* _Try it_: Lines from the one with "cintioさん のコーディ" up to and including the one with "Форма no 6 к приказу" are to be copied exactly from the records below, without their pictures.

* _Dataset excerpts_:
────

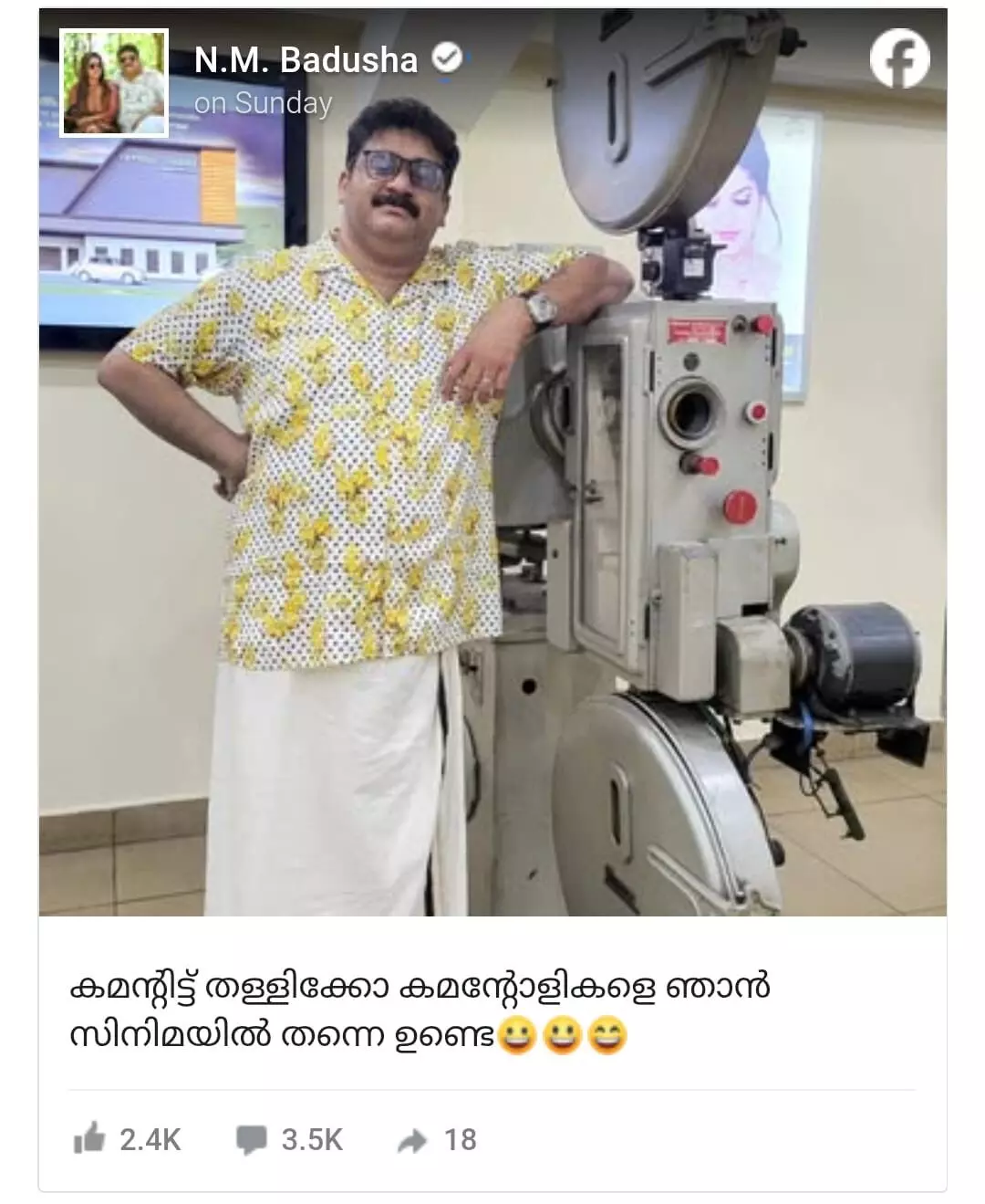നടൻ ഹരീഷ് കണാരന്റെ ആരോപണങ്ങൾക്ക് മറുപടിയുമായി നിർമാതാവും പ്രൊഡക്ഷൻ കണ്ട്രോളറുമായ എൻ.എം.ബാദുഷ രംഗത്ത് വന്നിരുന്നു. കടം വാങ്ങിയ 20 ലക്ഷം തിരികെ നൽകാതിരിക്കുകയും സിനിമകളിൽ നിന്ന് അവസരം നഷ്ടപ്പെടുത്തുകയും ചെയ്തെന്ന ഹരീഷ് കണാരന്റെ ആരോപണങ്ങൾക്കാണ് ബാദുഷ ഇന്നലെ പത്രസമ്മേളനം വിളിച്ച് മറുപടി പറഞ്ഞത് . ഹരീഷിൽ നിന്ന് പണം വാങ്ങിയിട്ടുണ്ടെന്ന് സ്ഥിരീകരിച്ച ബാദുഷ ഹരീഷ് പറഞ്ഞ തുകയിൽ മാറ്റമുണ്ടെന്നും പ്രതികരിച്ചു. 20 ലക്ഷമാണ് വായ്പയായി ചോദിച്ചത്. ലഭിച്ചത് 14 ലക്ഷമാണ്. 7 ലക്ഷത്തോളം തിരികെ നൽകി. ബാക്കി തുക ഹരീഷിന്റെ 72 സിനിമകളുടെ ഡേറ്റ് മാനേജ് ചെയ്തതിന്റെ പ്രതിഫലമായി കണക്കാക്കുമെന്ന് കരുതിയെന്നും ബാദുഷ പറയുന്നു.ഇപ്പോഴിതാ ഫെയ്സ്ബുക്ക് പോസ്റ്റുമായി എത്തിയിരിക്കുകയാണ് ബാദുഷ. ‘കമന്റിട്ട് തള്ളിക്കോ കമൻ്റോളികളെ ഞാൻ സിനിമയിൽ തന്നെ ഉണ്ടെ’ എന്നാണ് ചിത്രം പങ്കുവച്ച് എഴുതിയിരിക്കുന്നത്. കടം വാങ്ങിച്ചിട്ടുണ്ടെങ്കിൽ അത് തിരിച്ചു കൊടുക്കാനുള്ള സാമാന്യ മര്യാദ കാണിക്കണം എന്നാണ് കമന്റ് പൂരം. ഹരീഷിനായി 5 വർഷം 72 സിനിമകൾക്ക് ഡേറ്റ് മാനേജ് ചെയ്തു. ചെയ്ത സേവനത്തിന് ഒരു പണവും വാങ്ങിയില്ലെന്നും പ്രതിഫലം തരാൻ ഹരീഷ് മനസ് കാണിച്ചില്ലെന്നും ബാദുഷ ആരോപിച്ചു.ആരോപണത്തിന് ശേഷം മകൻ കോളേജിൽ പോയിട്ടില്ല. അവന്റെ ഭാവി പോയി. മകളുടെ പേജിൽ വരെ സൈബറാക്രമണം ഉണ്ടായി. സൈബർ ആക്രമണം നടത്തിയവർക്കെതിരെ നിയമപരമായ നടപടി സ്വീകരിക്കും. സൈബർ സെല്ലിന് പരാതി നൽകും. കുടുംബത്തിന് എതിരെ ആരോപണം വന്നതിനാലാണ് വാർത്താസമ്മേളനത്തിൽ ഇക്കാര്യം പറയുന്നതെന്നും ബാദുഷ പറഞ്ഞു.
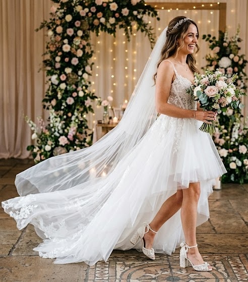 The high low wedding dress blends playful energy with romantic elegance. With a shorter front and longer back, it allows brides to showcase their shoes while still enjoying a dramatic train. This style is perfect for modern brides who want a mix of tradition and fun, especially for outdoor or semi-formal weddings.
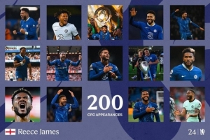 體育資訊10月18日訊 今天,切爾西在英超3-0擊敗諾丁漢森林,里斯-詹姆斯完成俱樂部200場里程碑。
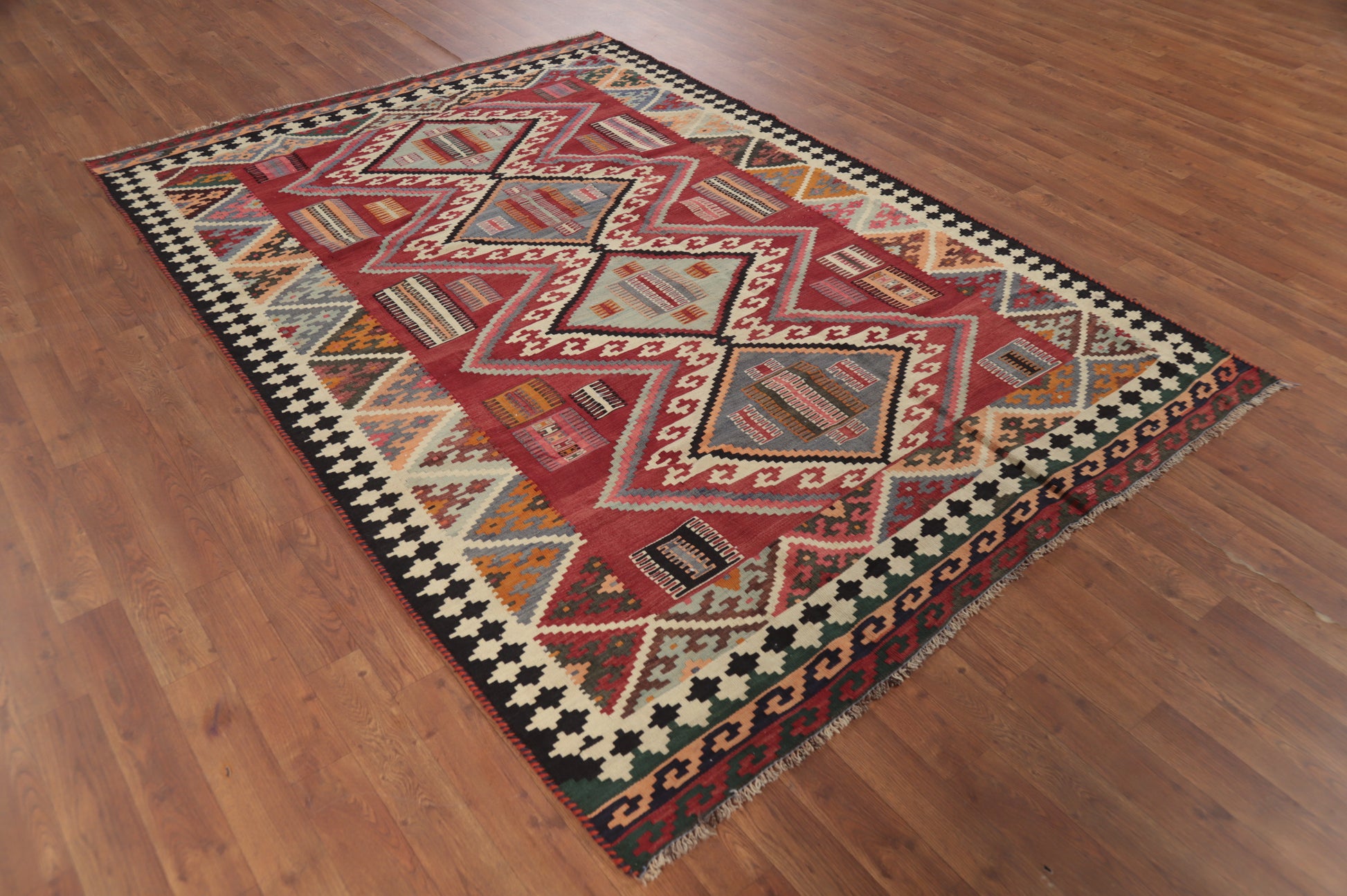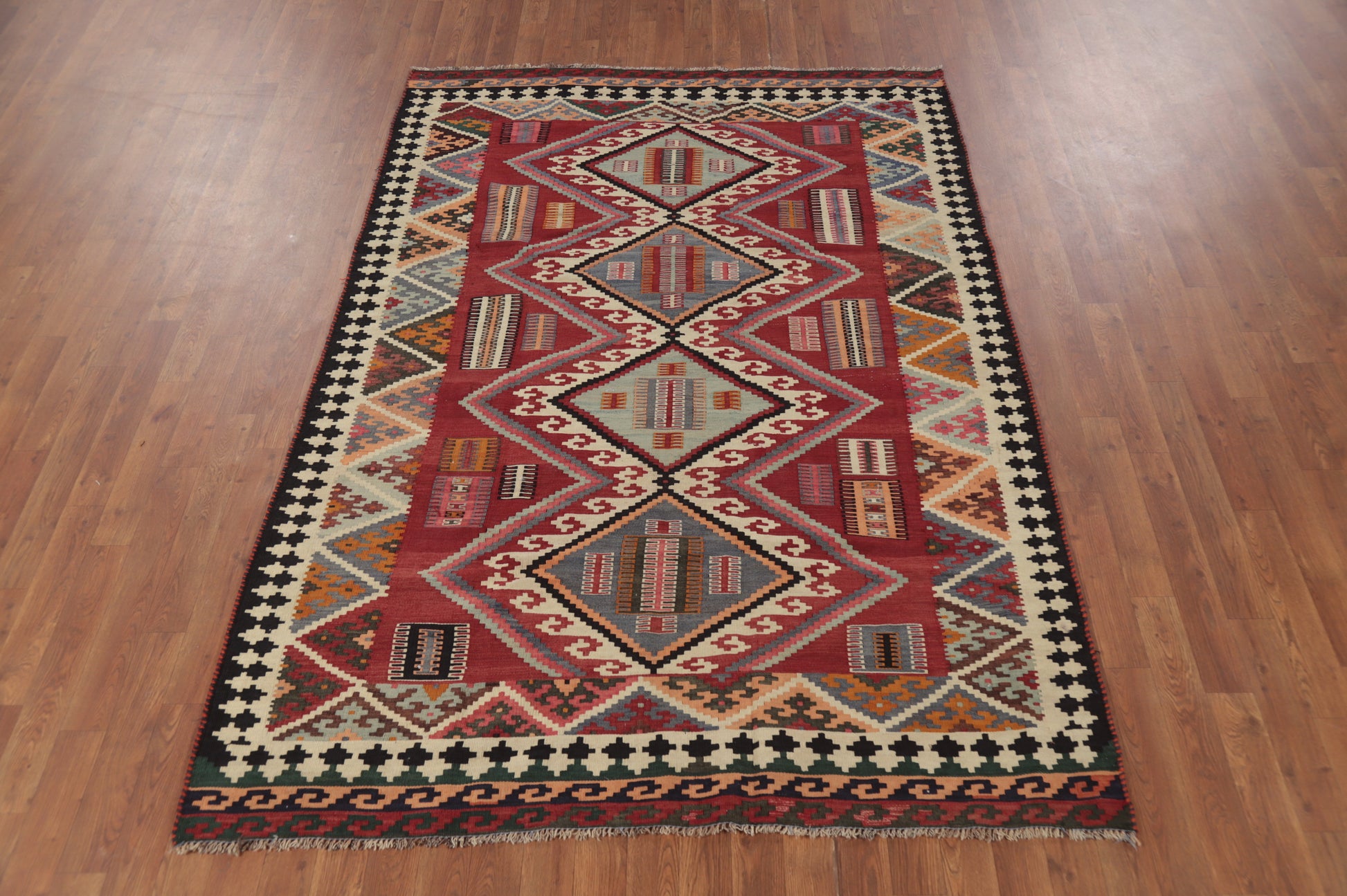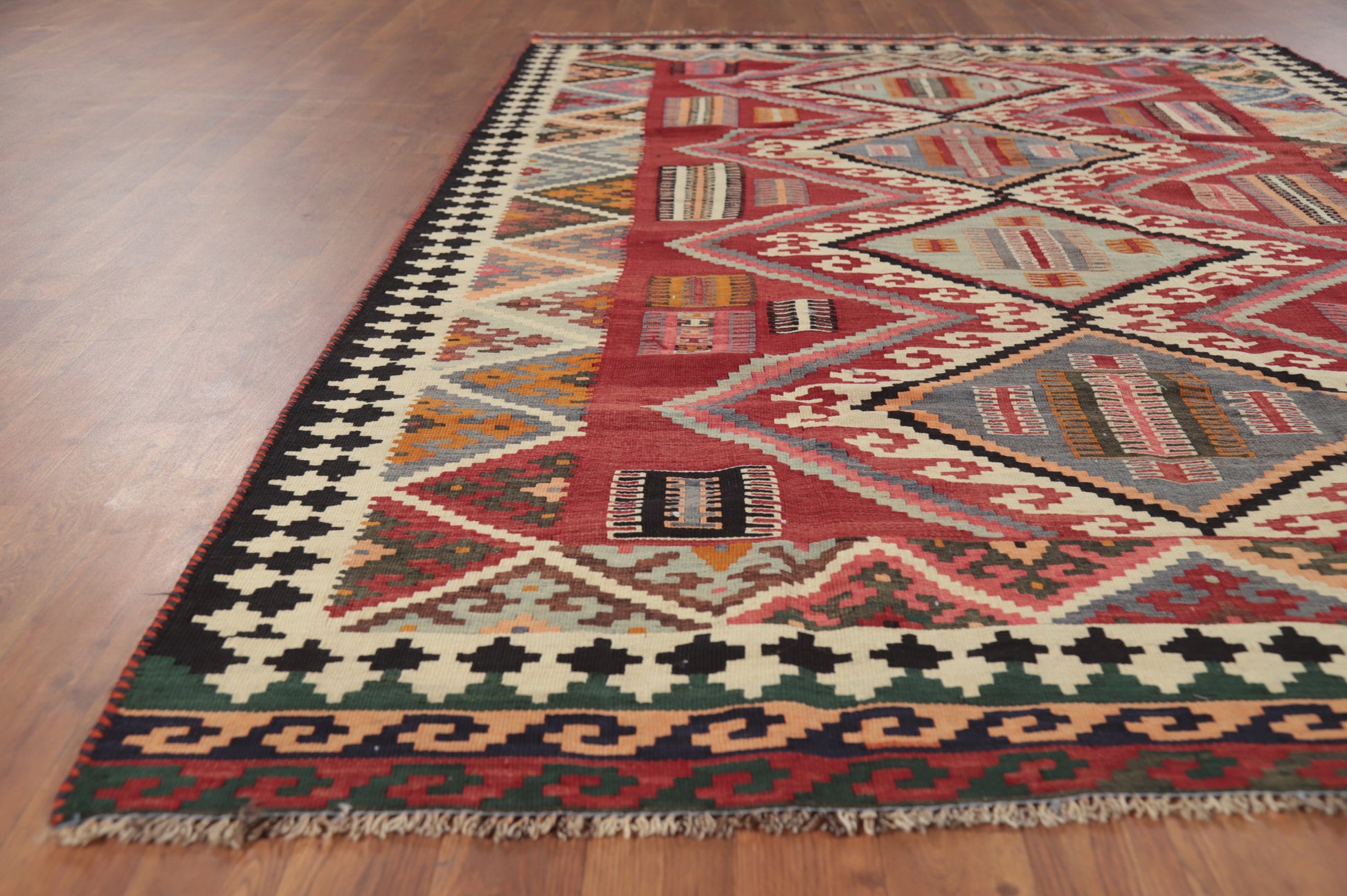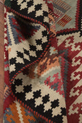 A Beautiful Genuine Persia ( Persia ) Kilim (Qashqai) rug is Hand Woven by skillful weavers in Persia ( Persia ) with 100% Wool Material. This rug is in Very Good condition. dimensions are 7' 5'' X 5' 2'' in foot and 226 X 157 in centimeter. the primary color is Red.
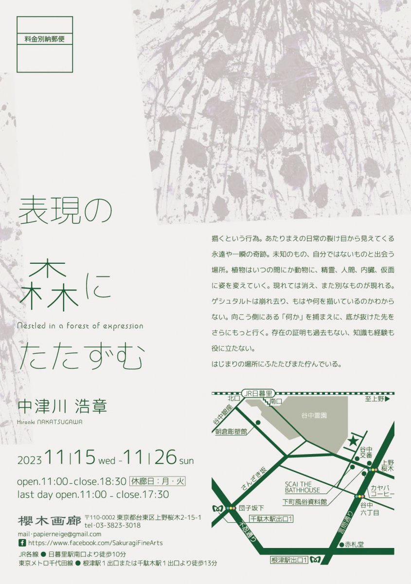 cintioさん のコーディネートで、2022年に引き続き、中津川浩章さんの展覧会DMをデザインさせていただきました。
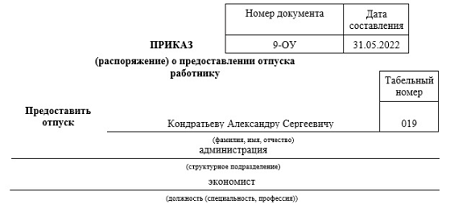 Форма no 6 к приказу
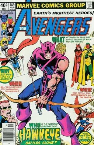 La última mini-etapa de Byrne en Avengers es la de los n°s 188-191, donde los que se reemplazan unos a otros son los guionistas. Hay un unitario de Bill Mantlo, dos números co-escritos por Roger Stern y Steven Grant, y un unitario más, de nuevo con Michelinie como guionista. Y en el medio, un annual que escribe Mantlo pero no dibuja Byrne. Lo mejor de estos numeritos está en el 189 (Nov.1979), cuando se va Thor y Scarlet Witch extiende su licencia, mientras Falcon regresa como miembro activo. Y lo más interesante es lo que pasa con Hawkeye, cuando nos cuentan qué fue de la vida del arquero desde que Gyrich lo dejó afuera del equipo.
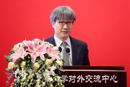 颁奖典礼上,王博首先代表学校致欢迎辞。王博指出,文学是以理想的方式思考生活,文学家则以思考的方式整理世界。站在120周年校庆的今天,我们更需要反思,只有反思才能更好地面向未来。
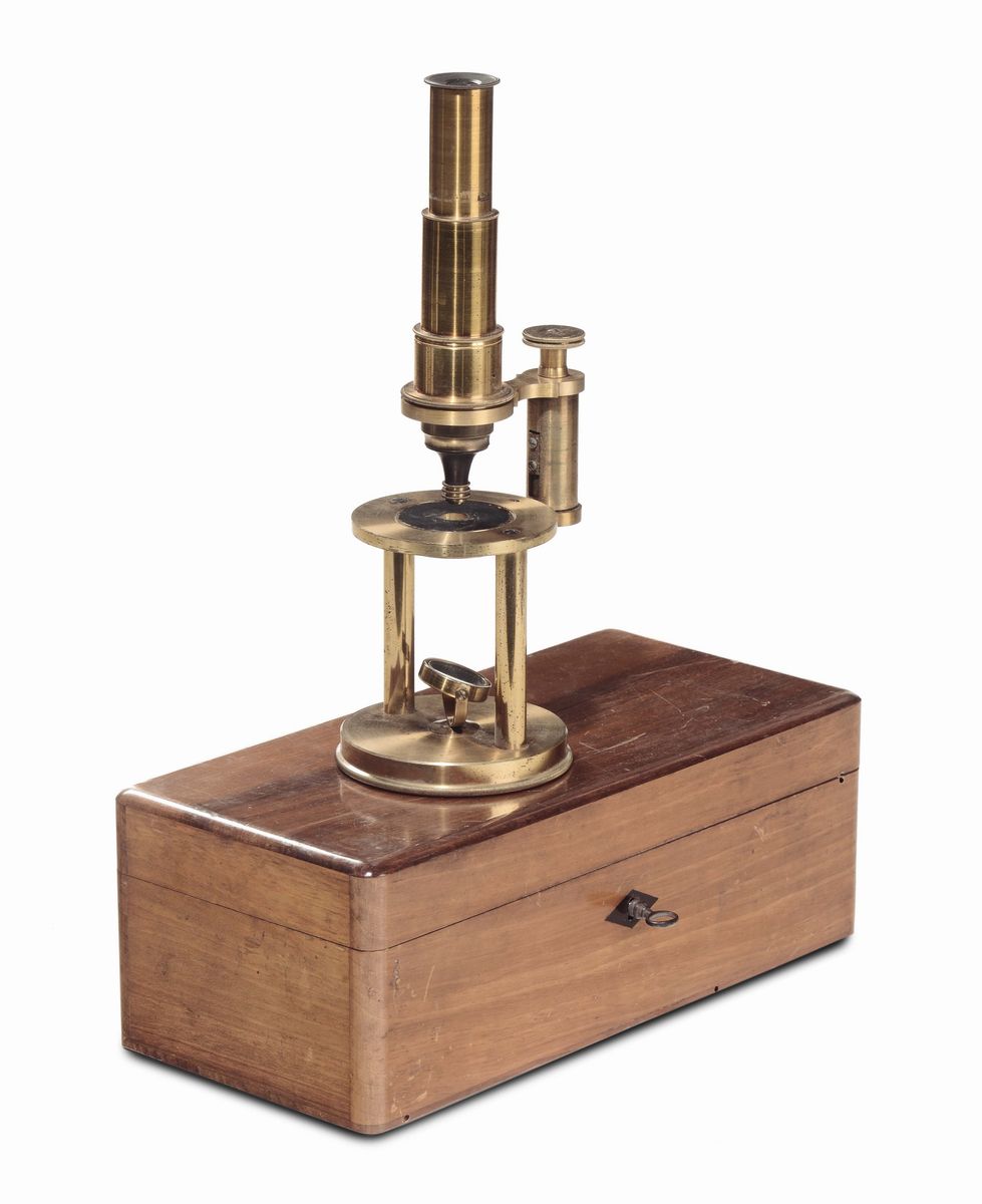 Microscopio in bronzo dorato con cassettina in legno coeva. Italia 1920/30
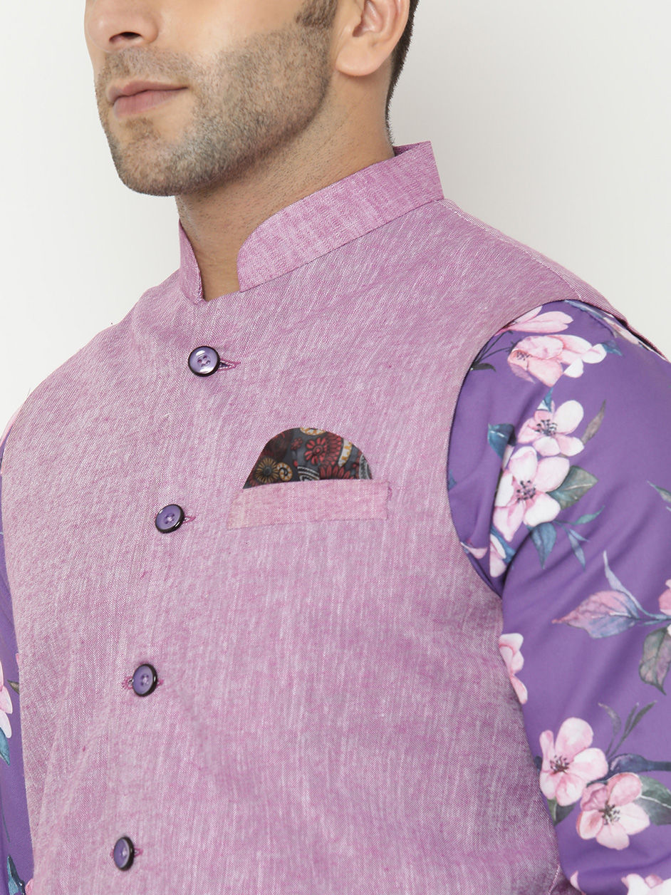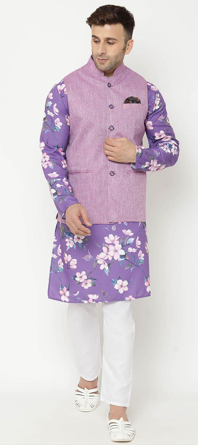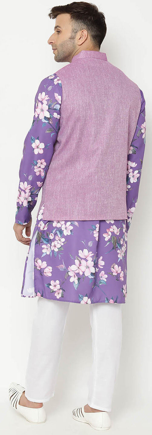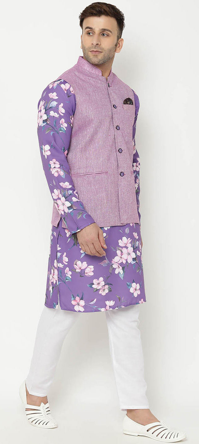 Purple and Violet color Kurta Pyjama with Jacket in Blended Cotton fabric with Floral, Printed work

────

* _Answer section_:
 cintioさん のコーディネートで、2022年に引き続き、中津川浩章さんの展覧会DMをデザインさせていただきました。
 Форма no 6 к приказу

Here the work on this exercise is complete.